What is needed is an exact repetition of the lines below, from the first one through the one holding "전환율 높이는 콘텐츠", with no pictures and nothing else.

### RECORDS FOR THE EXERCISE
*** Begin section ***
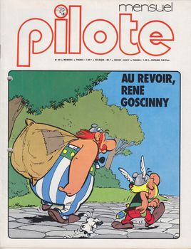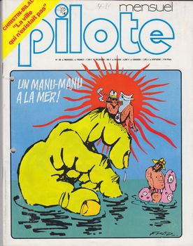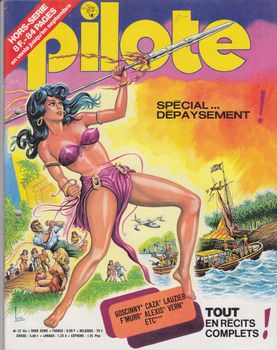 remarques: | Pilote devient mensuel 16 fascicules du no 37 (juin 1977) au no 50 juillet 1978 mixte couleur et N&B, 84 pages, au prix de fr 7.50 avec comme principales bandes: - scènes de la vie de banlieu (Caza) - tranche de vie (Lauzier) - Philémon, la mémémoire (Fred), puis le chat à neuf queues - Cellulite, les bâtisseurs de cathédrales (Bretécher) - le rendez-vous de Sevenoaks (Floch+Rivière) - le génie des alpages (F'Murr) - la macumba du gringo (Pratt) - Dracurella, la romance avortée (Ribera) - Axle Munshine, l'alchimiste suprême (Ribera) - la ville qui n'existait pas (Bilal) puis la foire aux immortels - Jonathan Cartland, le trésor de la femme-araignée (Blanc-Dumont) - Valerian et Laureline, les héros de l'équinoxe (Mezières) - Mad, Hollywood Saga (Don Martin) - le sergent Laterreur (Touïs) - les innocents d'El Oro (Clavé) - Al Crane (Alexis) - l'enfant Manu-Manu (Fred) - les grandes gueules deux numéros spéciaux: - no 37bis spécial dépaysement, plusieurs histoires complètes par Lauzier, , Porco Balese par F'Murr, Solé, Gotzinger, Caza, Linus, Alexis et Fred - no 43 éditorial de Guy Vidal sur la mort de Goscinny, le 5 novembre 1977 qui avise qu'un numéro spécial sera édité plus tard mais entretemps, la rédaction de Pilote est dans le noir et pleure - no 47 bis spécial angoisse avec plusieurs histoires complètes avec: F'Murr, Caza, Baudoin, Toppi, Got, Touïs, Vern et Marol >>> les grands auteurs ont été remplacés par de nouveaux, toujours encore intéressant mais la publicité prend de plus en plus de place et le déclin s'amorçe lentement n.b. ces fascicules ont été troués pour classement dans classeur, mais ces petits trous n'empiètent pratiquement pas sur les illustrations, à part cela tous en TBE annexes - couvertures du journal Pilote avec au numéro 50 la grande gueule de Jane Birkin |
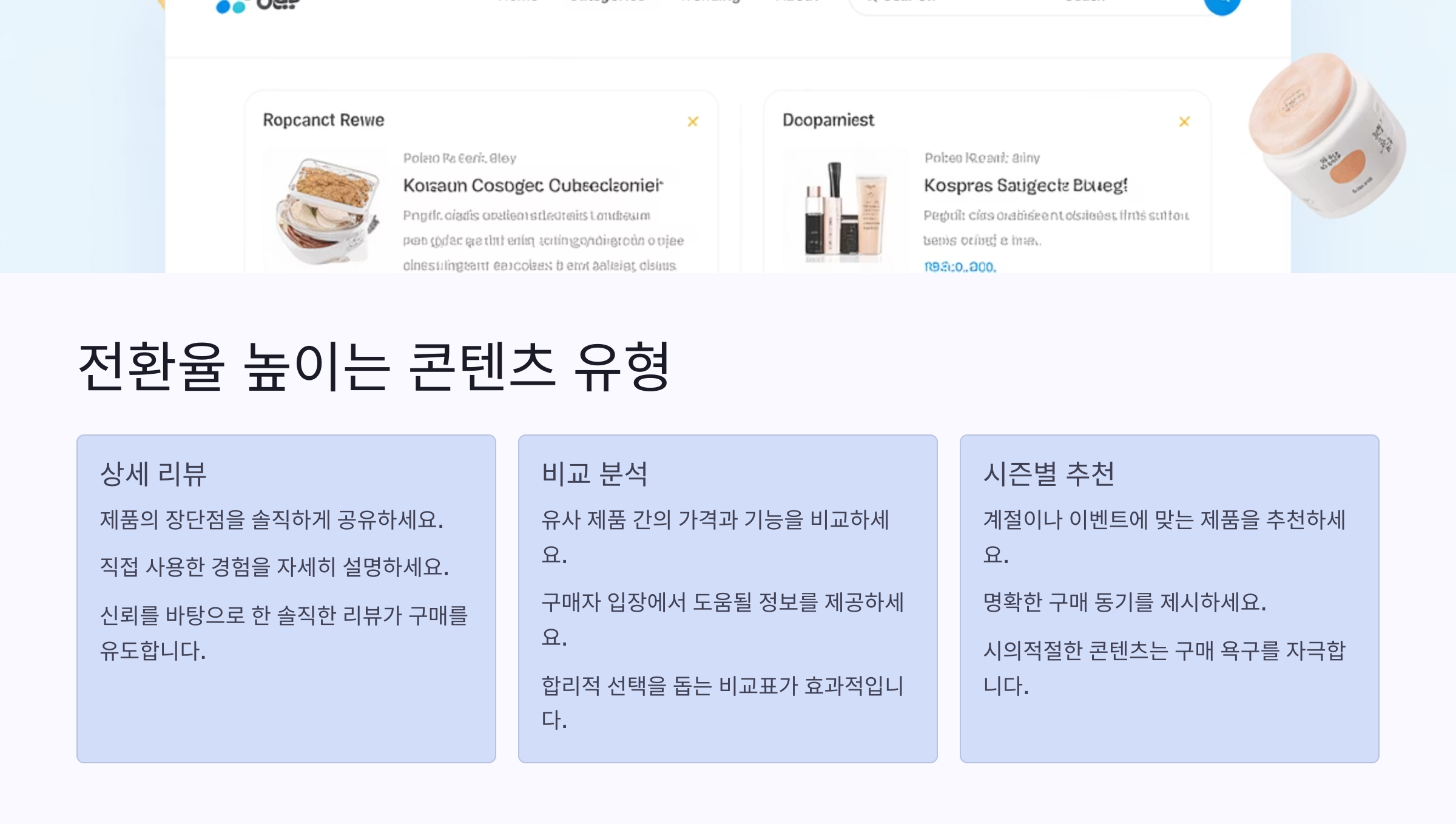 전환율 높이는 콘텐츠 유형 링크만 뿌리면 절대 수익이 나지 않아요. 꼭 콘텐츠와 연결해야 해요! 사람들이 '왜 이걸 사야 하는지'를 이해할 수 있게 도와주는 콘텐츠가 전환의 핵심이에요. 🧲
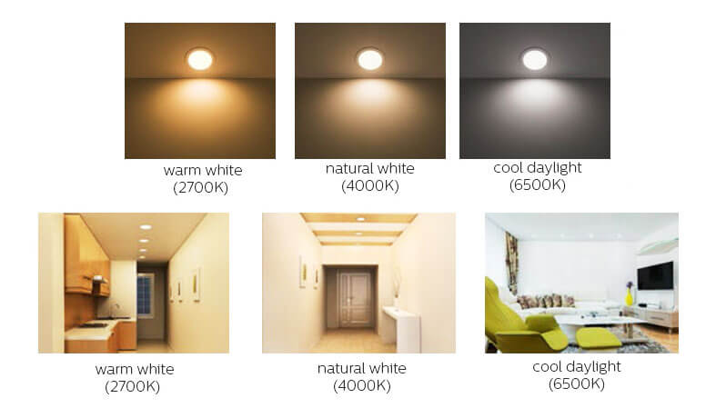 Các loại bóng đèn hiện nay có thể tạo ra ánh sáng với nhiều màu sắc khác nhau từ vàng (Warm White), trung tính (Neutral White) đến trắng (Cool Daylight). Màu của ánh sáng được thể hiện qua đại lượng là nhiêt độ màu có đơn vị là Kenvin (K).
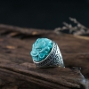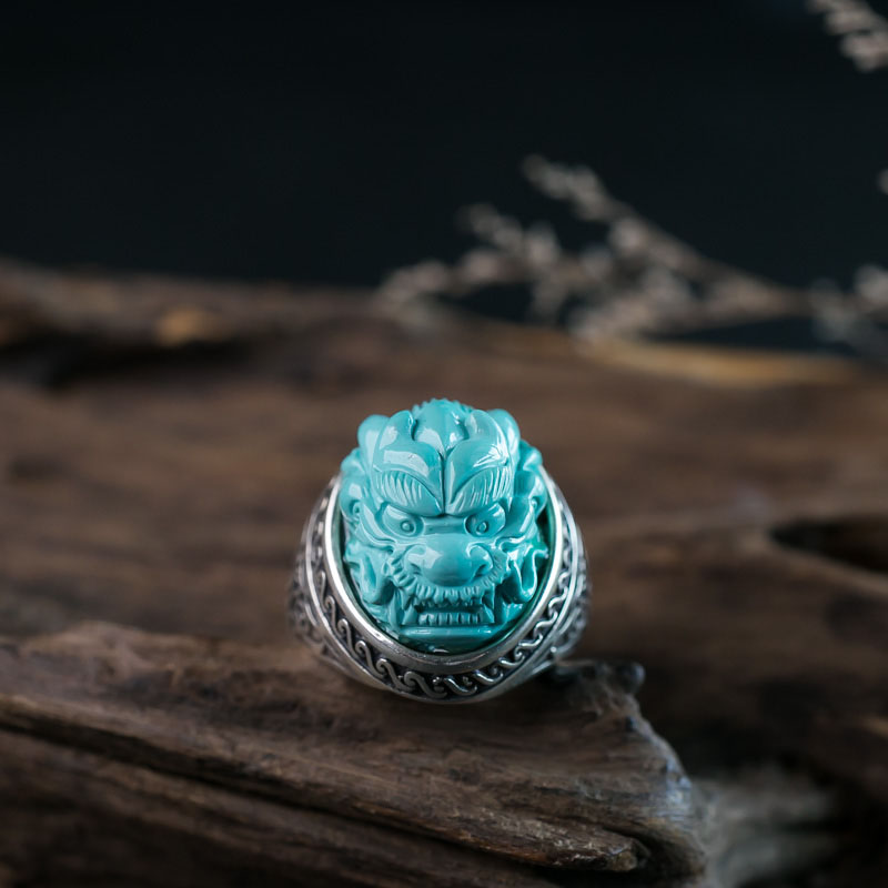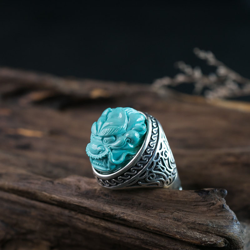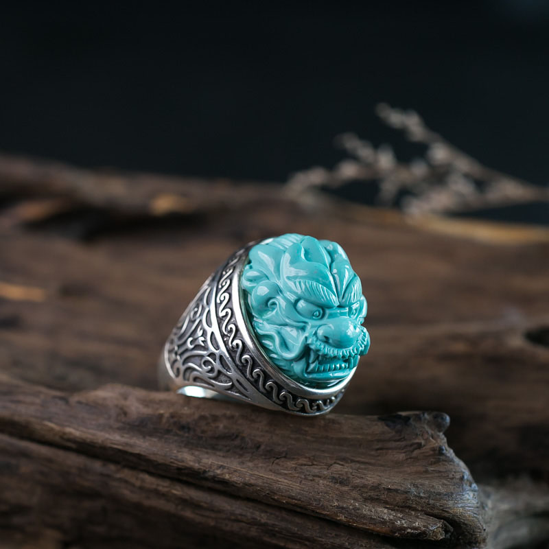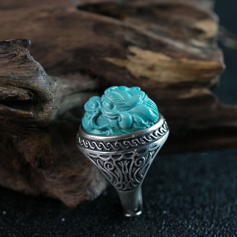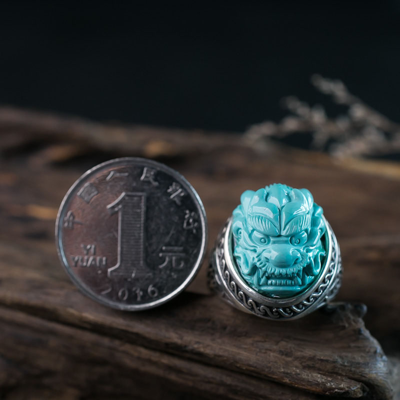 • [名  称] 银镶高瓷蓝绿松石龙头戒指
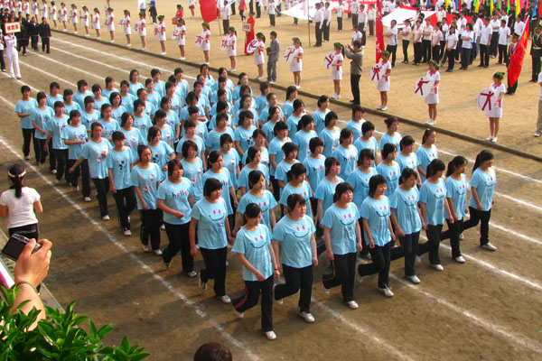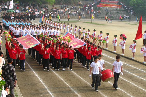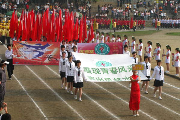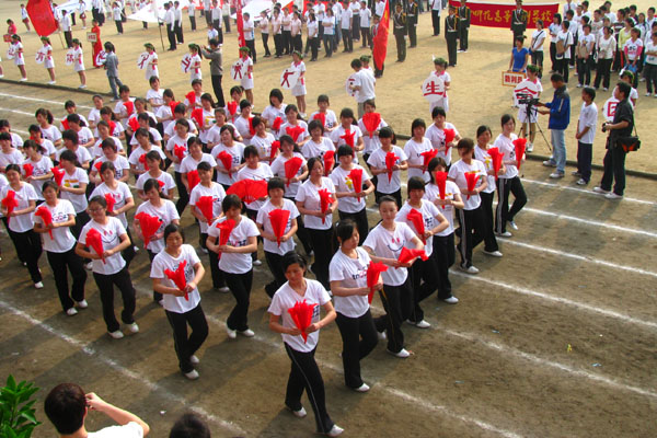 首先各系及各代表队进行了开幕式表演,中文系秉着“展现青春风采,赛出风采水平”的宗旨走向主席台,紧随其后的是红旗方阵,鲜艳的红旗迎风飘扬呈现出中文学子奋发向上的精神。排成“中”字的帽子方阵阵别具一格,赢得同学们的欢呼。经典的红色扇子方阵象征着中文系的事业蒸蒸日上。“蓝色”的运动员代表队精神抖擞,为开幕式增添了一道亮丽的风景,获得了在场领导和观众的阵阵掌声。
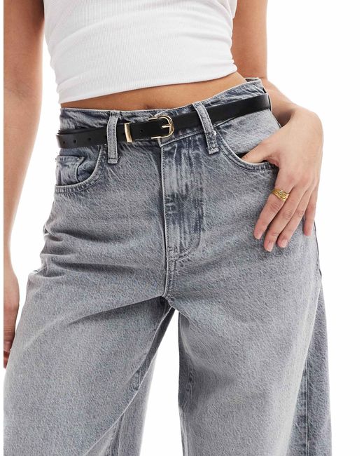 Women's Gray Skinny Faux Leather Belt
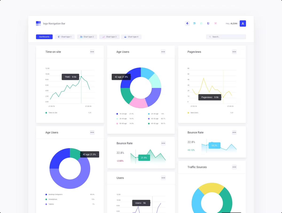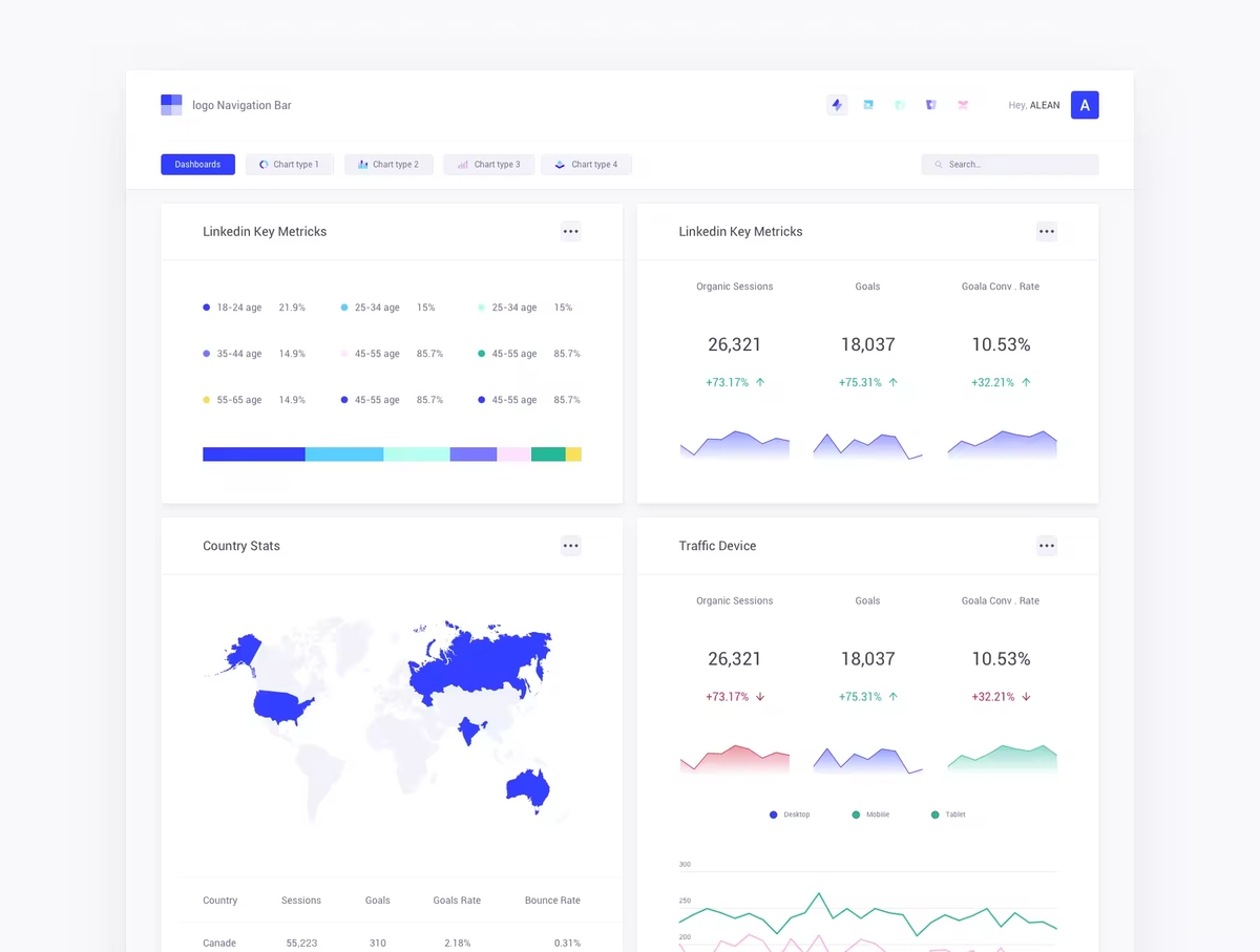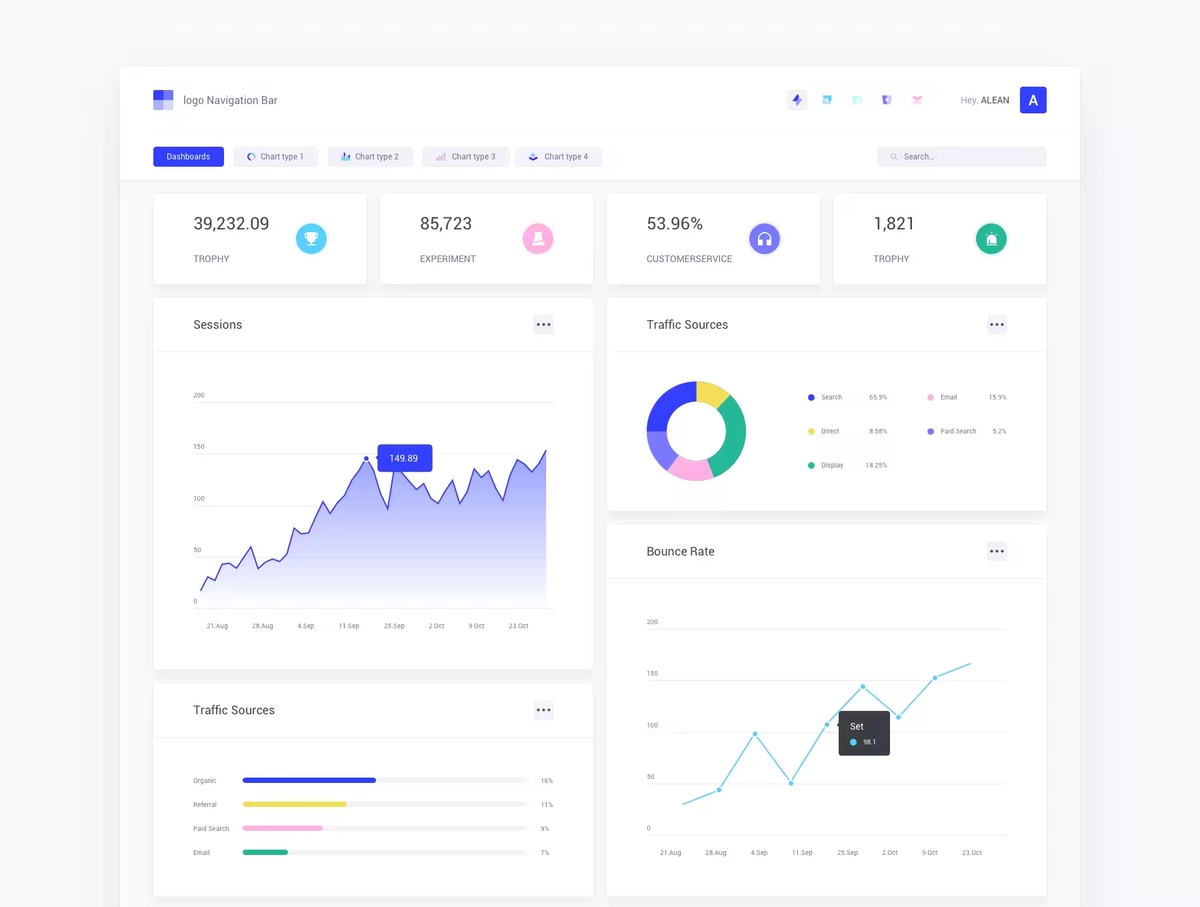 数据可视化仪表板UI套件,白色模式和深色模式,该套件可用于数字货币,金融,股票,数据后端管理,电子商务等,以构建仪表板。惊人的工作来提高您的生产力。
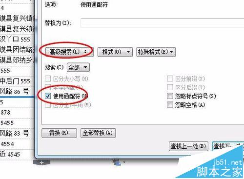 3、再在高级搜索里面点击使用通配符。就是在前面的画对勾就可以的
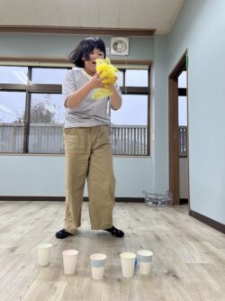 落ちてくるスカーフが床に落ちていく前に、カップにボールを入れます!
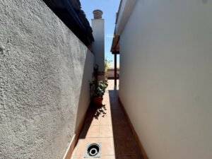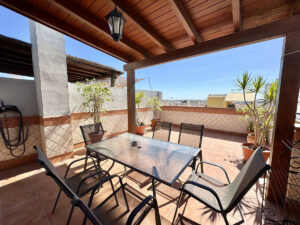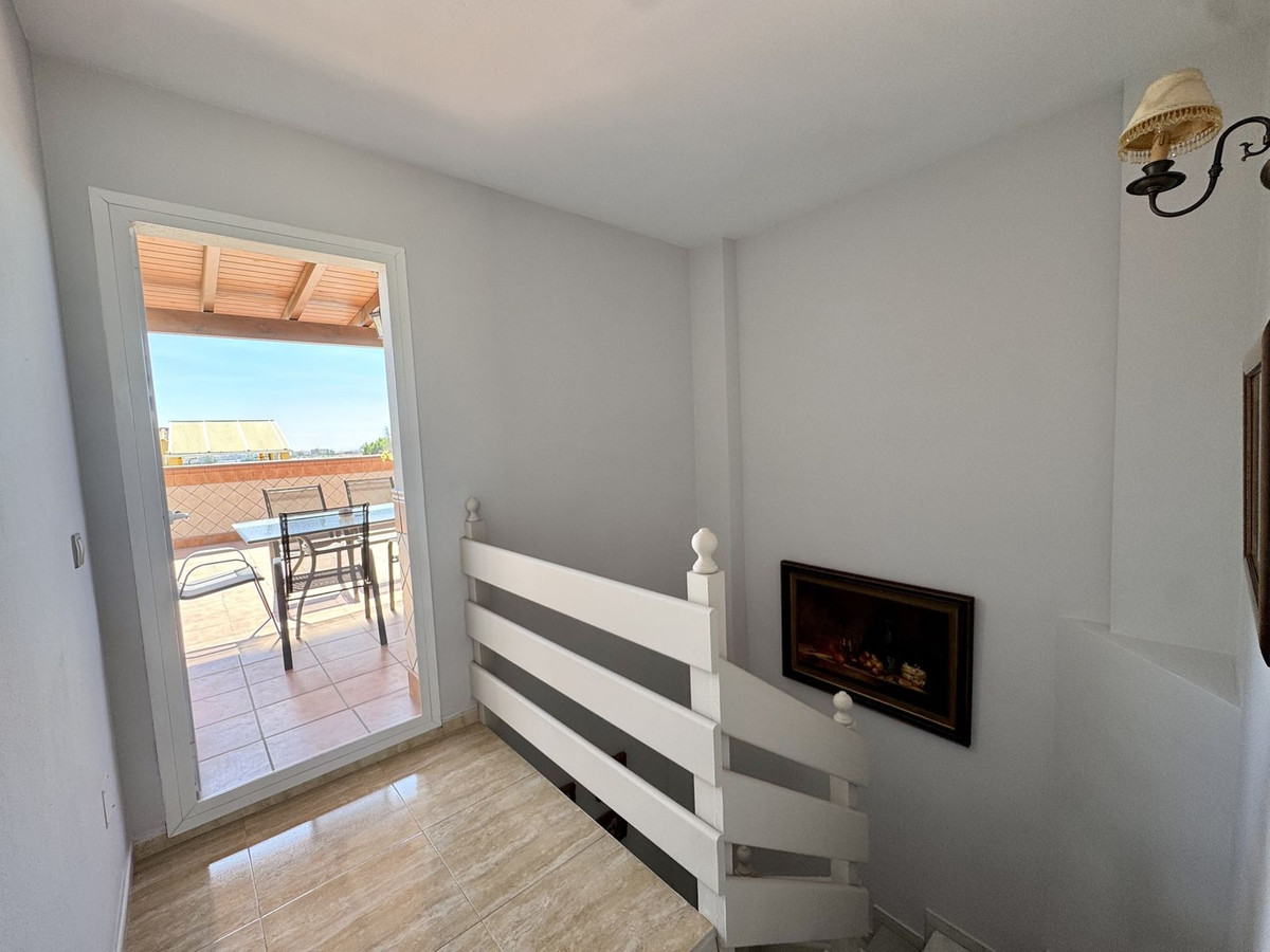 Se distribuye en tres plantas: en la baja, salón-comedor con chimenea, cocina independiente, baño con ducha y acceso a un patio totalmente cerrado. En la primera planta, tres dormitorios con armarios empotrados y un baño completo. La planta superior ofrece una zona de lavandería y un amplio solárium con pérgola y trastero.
*** End section ***
### EXPECTED ANSWER
 remarques: | Pilote devient mensuel 16 fascicules du no 37 (juin 1977) au no 50 juillet 1978 mixte couleur et N&B, 84 pages, au prix de fr 7.50 avec comme principales bandes: - scènes de la vie de banlieu (Caza) - tranche de vie (Lauzier) - Philémon, la mémémoire (Fred), puis le chat à neuf queues - Cellulite, les bâtisseurs de cathédrales (Bretécher) - le rendez-vous de Sevenoaks (Floch+Rivière) - le génie des alpages (F'Murr) - la macumba du gringo (Pratt) - Dracurella, la romance avortée (Ribera) - Axle Munshine, l'alchimiste suprême (Ribera) - la ville qui n'existait pas (Bilal) puis la foire aux immortels - Jonathan Cartland, le trésor de la femme-araignée (Blanc-Dumont) - Valerian et Laureline, les héros de l'équinoxe (Mezières) - Mad, Hollywood Saga (Don Martin) - le sergent Laterreur (Touïs) - les innocents d'El Oro (Clavé) - Al Crane (Alexis) - l'enfant Manu-Manu (Fred) - les grandes gueules deux numéros spéciaux: - no 37bis spécial dépaysement, plusieurs histoires complètes par Lauzier, , Porco Balese par F'Murr, Solé, Gotzinger, Caza, Linus, Alexis et Fred - no 43 éditorial de Guy Vidal sur la mort de Goscinny, le 5 novembre 1977 qui avise qu'un numéro spécial sera édité plus tard mais entretemps, la rédaction de Pilote est dans le noir et pleure - no 47 bis spécial angoisse avec plusieurs histoires complètes avec: F'Murr, Caza, Baudoin, Toppi, Got, Touïs, Vern et Marol >>> les grands auteurs ont été remplacés par de nouveaux, toujours encore intéressant mais la publicité prend de plus en plus de place et le déclin s'amorçe lentement n.b. ces fascicules ont été troués pour classement dans classeur, mais ces petits trous n'empiètent pratiquement pas sur les illustrations, à part cela tous en TBE annexes - couvertures du journal Pilote avec au numéro 50 la grande gueule de Jane Birkin |
 전환율 높이는 콘텐츠 유형 링크만 뿌리면 절대 수익이 나지 않아요. 꼭 콘텐츠와 연결해야 해요! 사람들이 '왜 이걸 사야 하는지'를 이해할 수 있게 도와주는 콘텐츠가 전환의 핵심이에요. 🧲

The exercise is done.